Gazans flood Egypt after border breach

(Agencies)
Updated: 2008-01-24 10:17

The appearance of the fallen wall backed up that assertion. It was neatly sliced at knee-level, with the bottom section still standing and the rest toppled over.

Hamas police quickly took control of the shopping exodus, channeling the crowds through two sections of the frontier.

"Freedom is good. We need no border after today," said Mohammed Abu Ghazal, a 29-year-old out-of-work Gazan.

Children bought soft drinks and chocolate, women scooped up cheese and cleaning products, and men stocked up on cigarettes -- all expensive or simply unavailable in Gaza because of Israel's shutdown of cargo crossings.

Other Palestinians staggered over toppled metal plates that once made up the border fence, carrying TV sets, cell phones, tires and plastic bottles filled with fuel.
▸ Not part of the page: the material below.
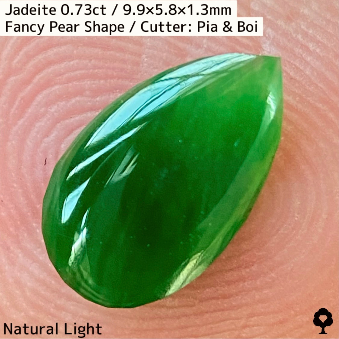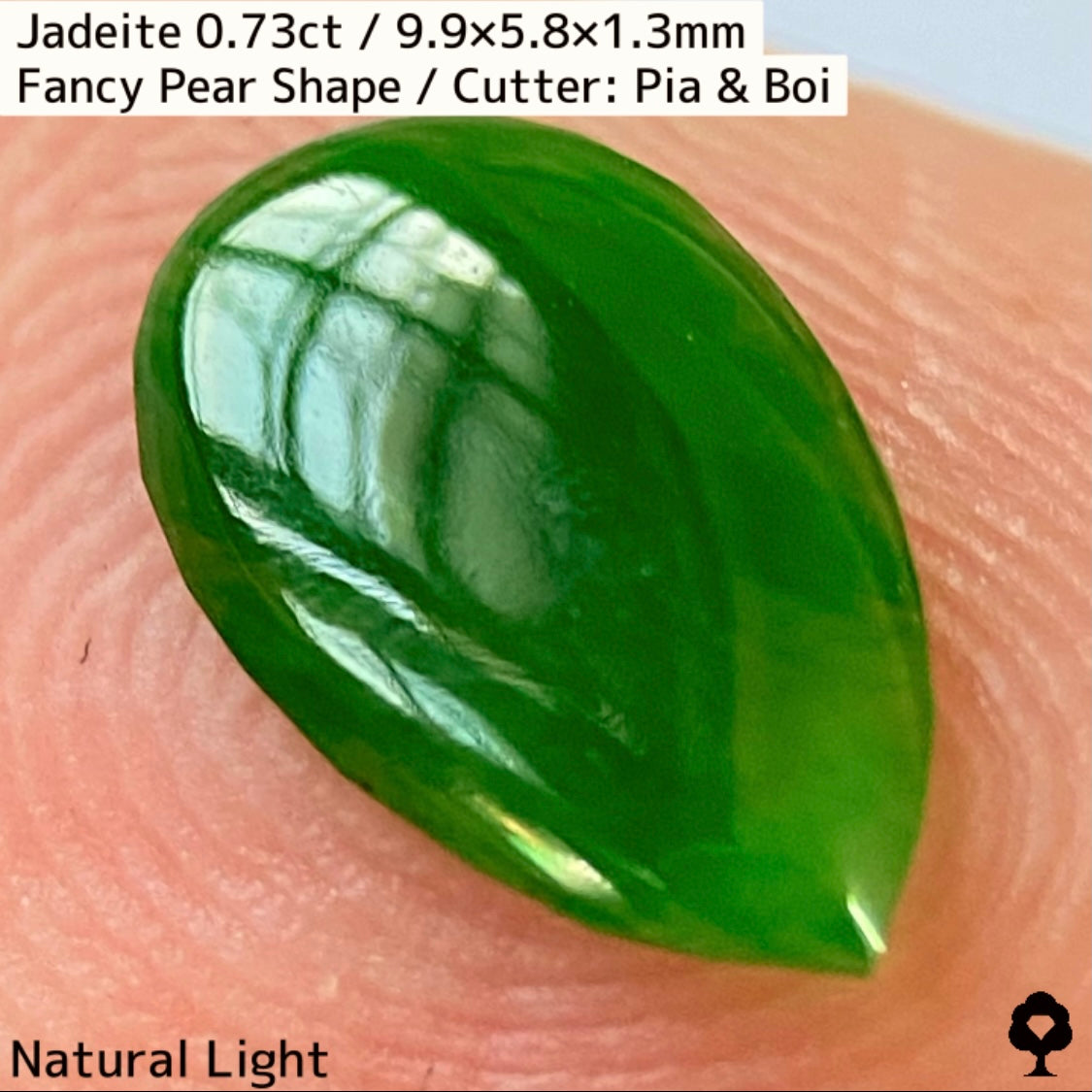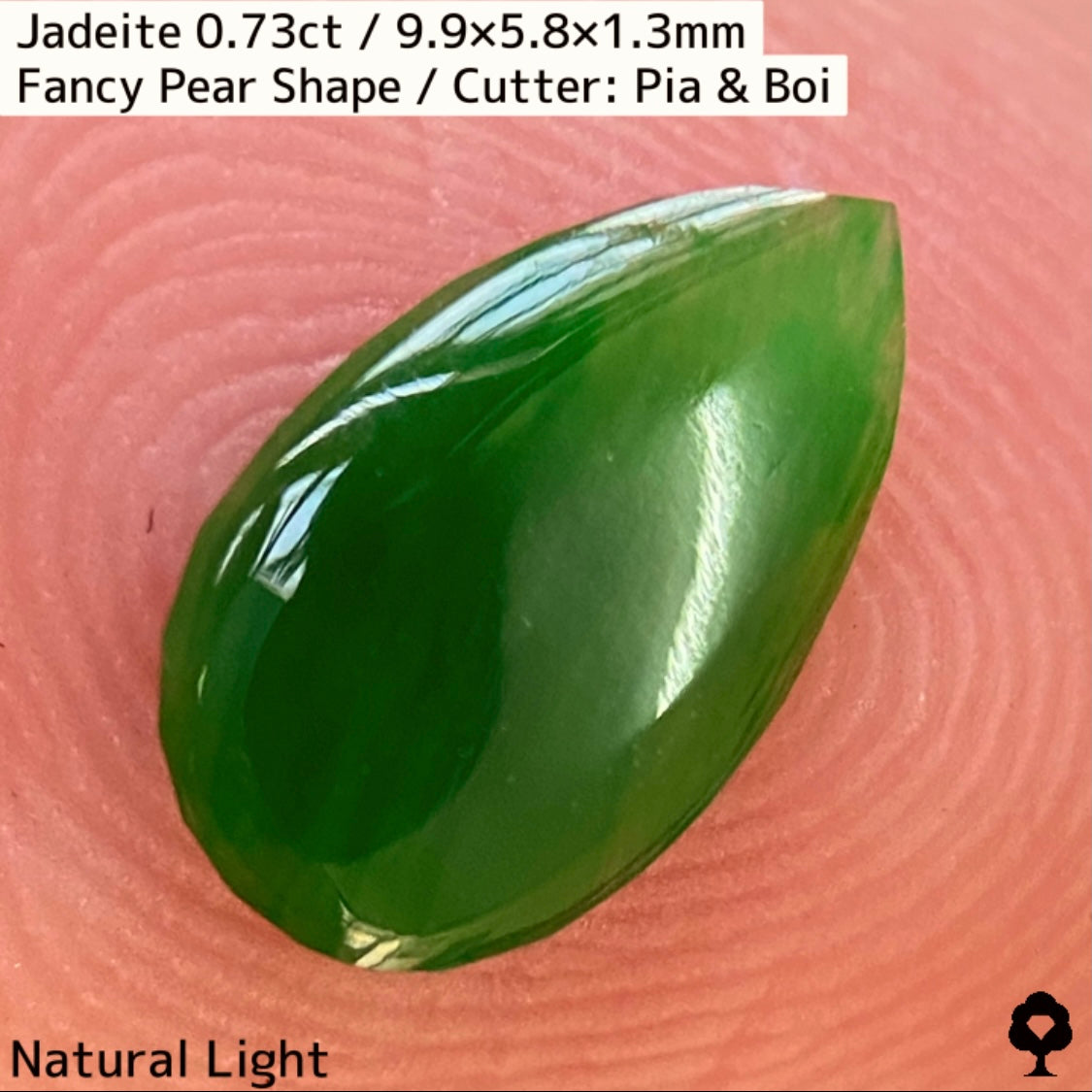 【抽選販売2/14(水)21時のライブで〆切抽選】翡翠0.73ct★先端の濃淡が可愛いさりげなく縁取られたペアシェイプ

Some brought in goats and chickens.

Four Palestinians in wheelchairs were pushed over the border, where ambulances picked them up for treatment in Egypt. At one point, a dozen people crowded around a motorcycle to lift it over a low border wall in Egypt.

Shoppers depleted stores in the border town of Rafah, prompting Ashraf el-Sayyid, an Egyptian, to ride his motorbike into the Gaza Strip -- going against both traffic and logic.
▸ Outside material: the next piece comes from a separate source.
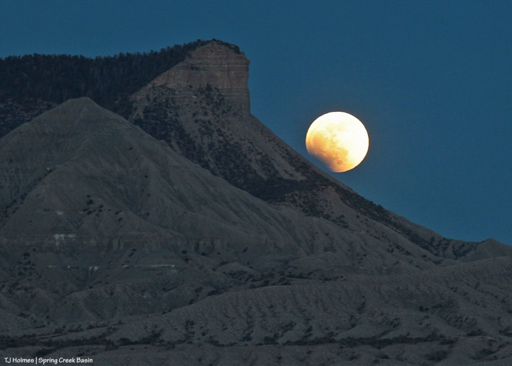The full moon rises last night from beyond McKenna Peak and Temple Butte … already in the first phase of its lunar eclipse.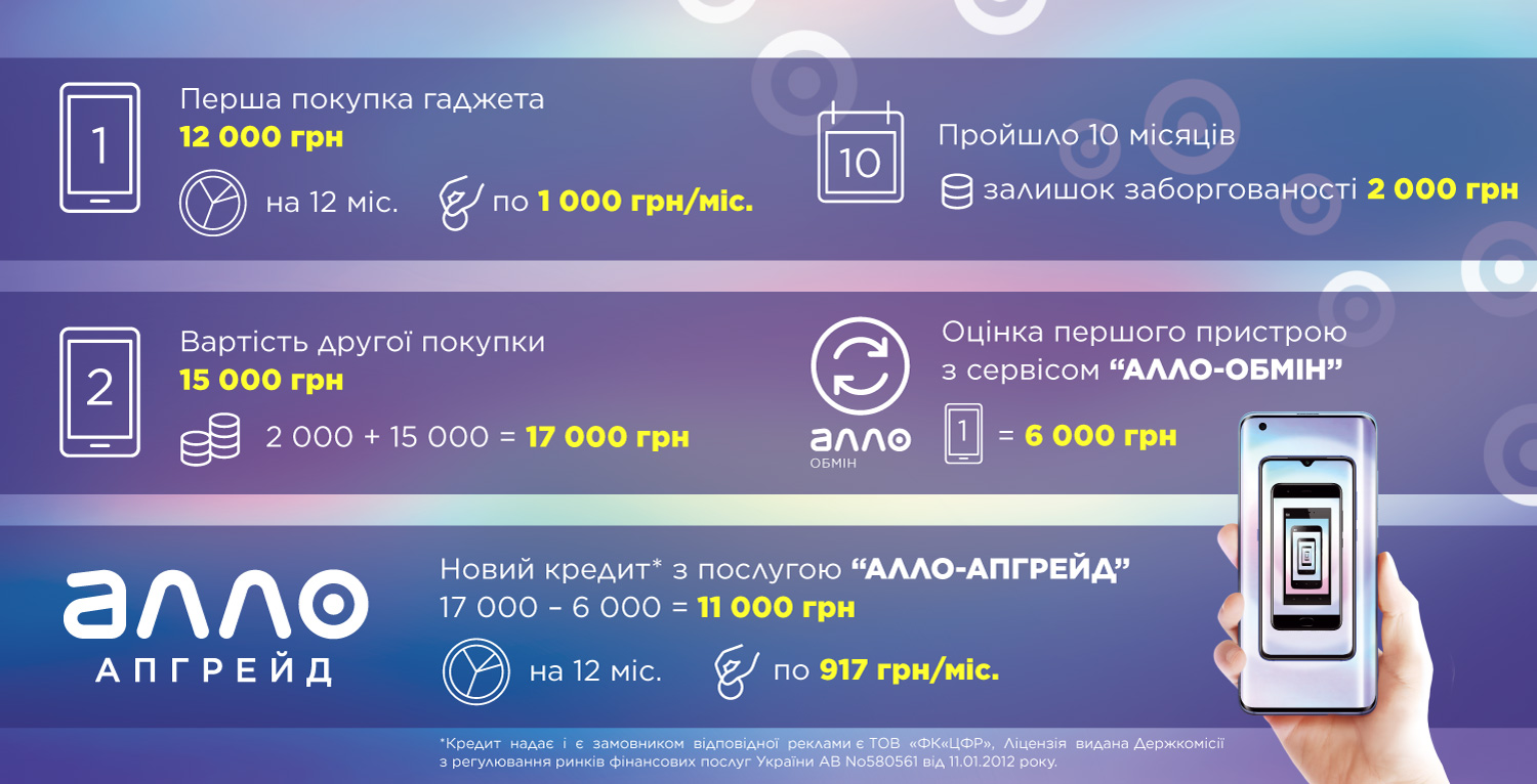 Завдяки “АЛЛО – АПГРЕЙД ” будь-хто може купити один гаджет в кредит – і після кожних 10 місяців тестувати нові моделі без довгих очікувань та заповнення безлічі паперів!

"I need to buy bread for my children," he said. "The Palestinians left us with nothing. It's true, they are dear to us, but today, they were like locusts."

Masked gunmen used 17 explosive charges before dawn to tear down the border fence -- erected in 2001 by Israel when it controlled Gaza.
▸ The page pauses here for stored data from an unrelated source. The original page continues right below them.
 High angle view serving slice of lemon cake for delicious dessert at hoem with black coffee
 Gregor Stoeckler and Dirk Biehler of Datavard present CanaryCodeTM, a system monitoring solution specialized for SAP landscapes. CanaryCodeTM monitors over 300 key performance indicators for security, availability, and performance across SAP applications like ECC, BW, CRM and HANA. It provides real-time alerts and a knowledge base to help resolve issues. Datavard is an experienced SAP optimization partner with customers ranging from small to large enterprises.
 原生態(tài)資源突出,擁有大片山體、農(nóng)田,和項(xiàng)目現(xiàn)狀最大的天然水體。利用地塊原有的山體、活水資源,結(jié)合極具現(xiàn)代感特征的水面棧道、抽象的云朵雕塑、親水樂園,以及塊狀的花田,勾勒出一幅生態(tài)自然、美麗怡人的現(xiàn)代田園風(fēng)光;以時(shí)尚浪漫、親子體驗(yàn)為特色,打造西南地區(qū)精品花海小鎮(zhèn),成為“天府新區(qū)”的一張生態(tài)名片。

After news of the breach spread, people across Gaza boarded buses and piled into rickety pickup trucks heading for Egypt. It was a rare chance to escape Gaza's isolation.

Moussa Zuroub, 28, carried his young daughter, Aseel, on his shoulders through the muddy streets of Rafah, which is divided by a wall into Egyptian and Gazan segments. "I'm coming just to break that ice -- that all my life, I'd never left Gaza before," he said.

By nightfall, more than 1,000 Gazans reached El-Arish, an Egyptian town about 37 miles south of Rafah, walking the streets and shopping in stores that stayed open late.

Mohammed Alyan, an unemployed father of six sitting at a bus stop with six friends, complained that Egyptian shopkeepers were rapidly raising prices.